Find the line with "Gérard Badower écrit" in the entries below, then output every line from it down to the line with "合作供应商需要获取图纸(PD", exactly and with no pictures.

» **Given information**:
+--

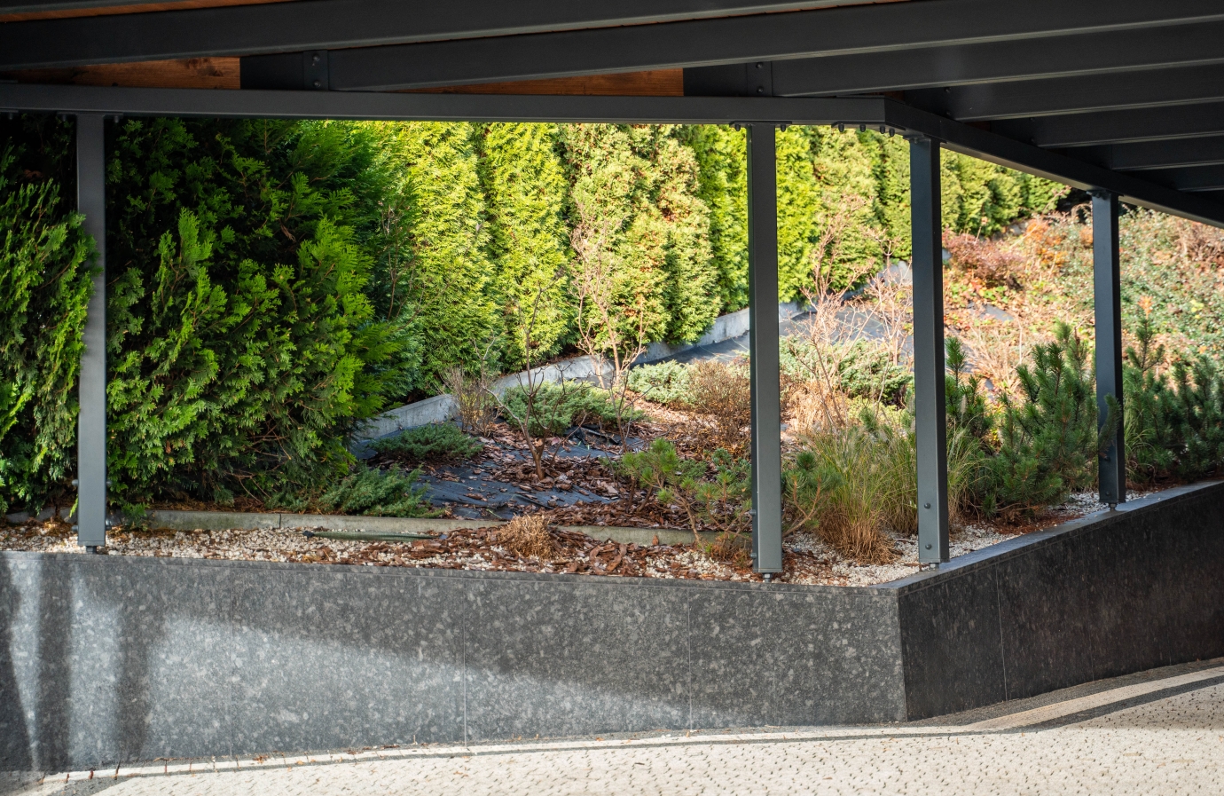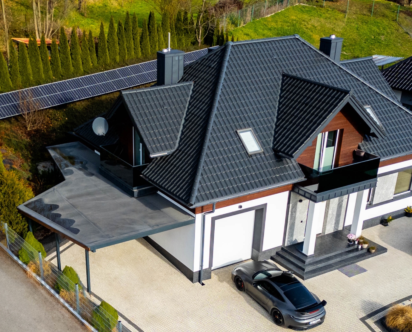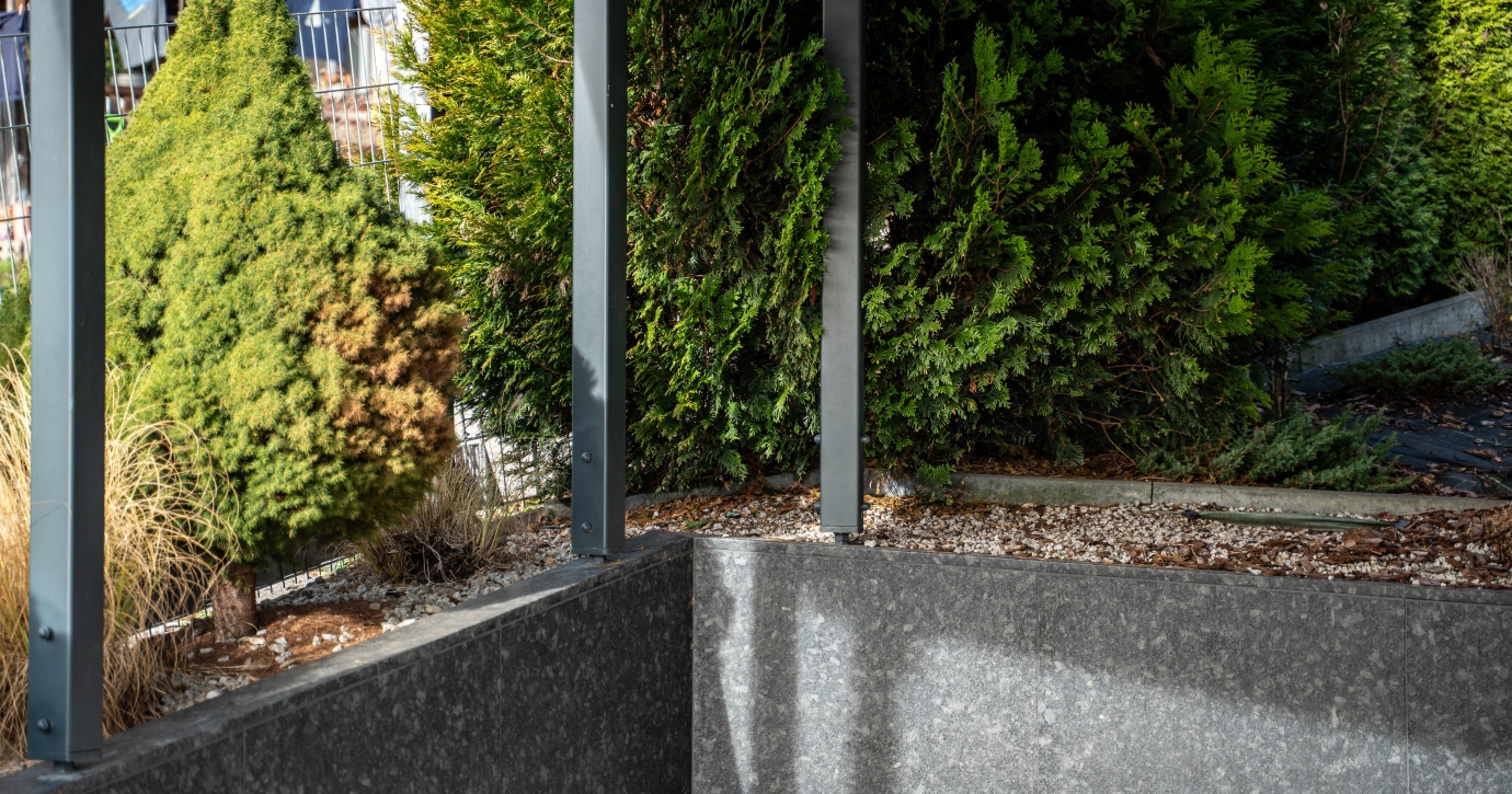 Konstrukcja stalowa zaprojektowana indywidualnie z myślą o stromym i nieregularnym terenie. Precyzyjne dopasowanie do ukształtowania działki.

+--

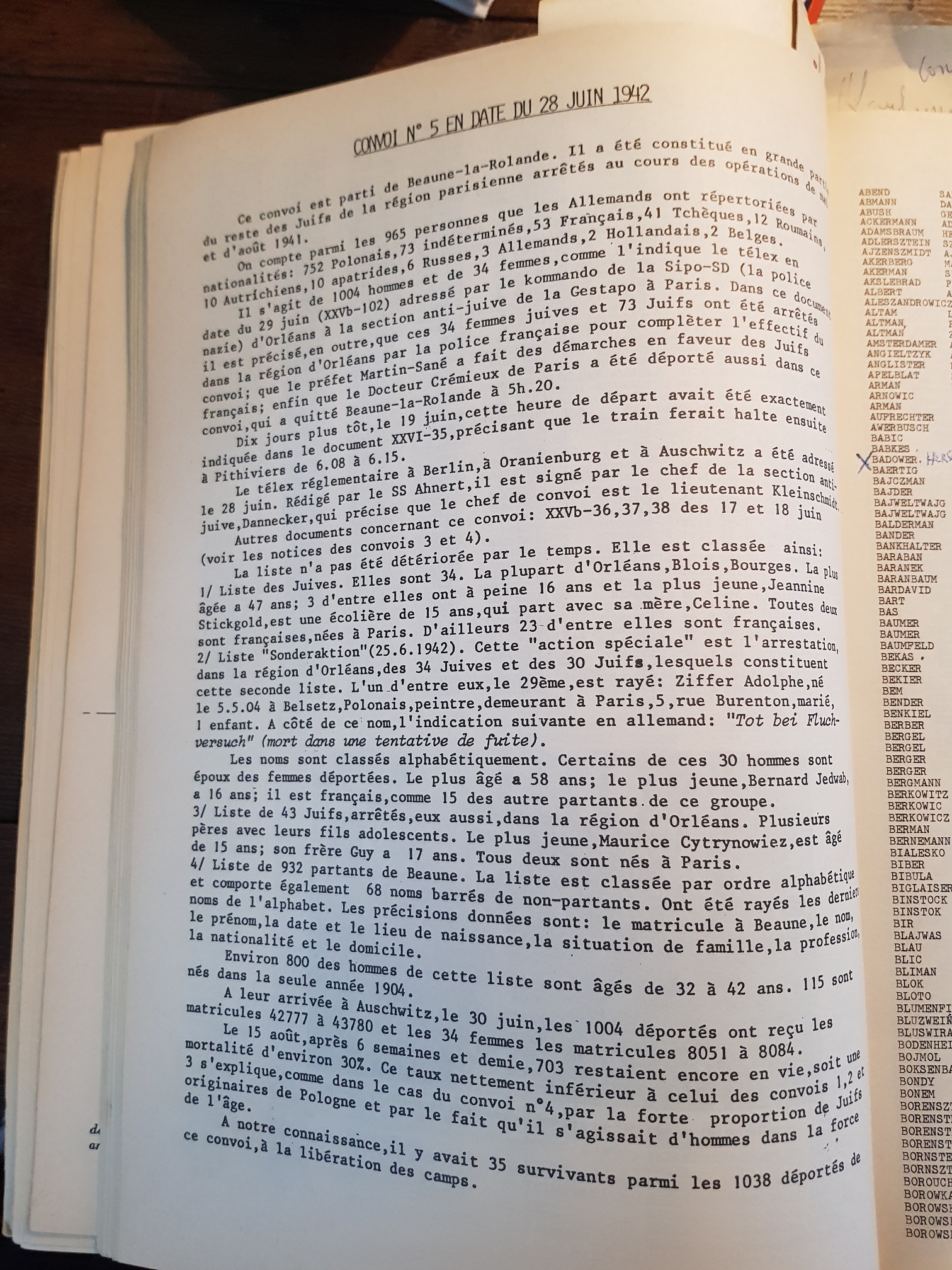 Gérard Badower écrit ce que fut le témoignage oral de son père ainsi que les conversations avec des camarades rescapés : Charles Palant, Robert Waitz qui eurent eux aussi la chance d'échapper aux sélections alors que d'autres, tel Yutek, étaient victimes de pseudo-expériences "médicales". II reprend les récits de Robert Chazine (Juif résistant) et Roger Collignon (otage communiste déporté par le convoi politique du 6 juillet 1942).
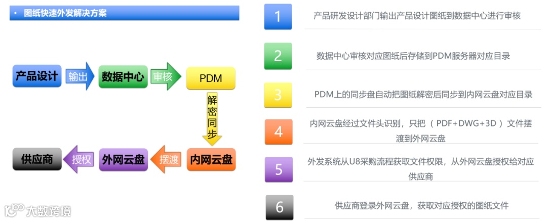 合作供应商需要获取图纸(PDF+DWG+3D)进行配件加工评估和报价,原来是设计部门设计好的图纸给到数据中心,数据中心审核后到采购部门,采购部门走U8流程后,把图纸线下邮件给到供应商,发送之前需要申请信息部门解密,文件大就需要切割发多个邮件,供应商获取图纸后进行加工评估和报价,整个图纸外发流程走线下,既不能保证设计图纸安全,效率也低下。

+--

» **Response to the exercise**:
 Gérard Badower écrit ce que fut le témoignage oral de son père ainsi que les conversations avec des camarades rescapés : Charles Palant, Robert Waitz qui eurent eux aussi la chance d'échapper aux sélections alors que d'autres, tel Yutek, étaient victimes de pseudo-expériences "médicales". II reprend les récits de Robert Chazine (Juif résistant) et Roger Collignon (otage communiste déporté par le convoi politique du 6 juillet 1942).
 合作供应商需要获取图纸(PDF+DWG+3D)进行配件加工评估和报价,原来是设计部门设计好的图纸给到数据中心,数据中心审核后到采购部门,采购部门走U8流程后,把图纸线下邮件给到供应商,发送之前需要申请信息部门解密,文件大就需要切割发多个邮件,供应商获取图纸后进行加工评估和报价,整个图纸外发流程走线下,既不能保证设计图纸安全,效率也低下。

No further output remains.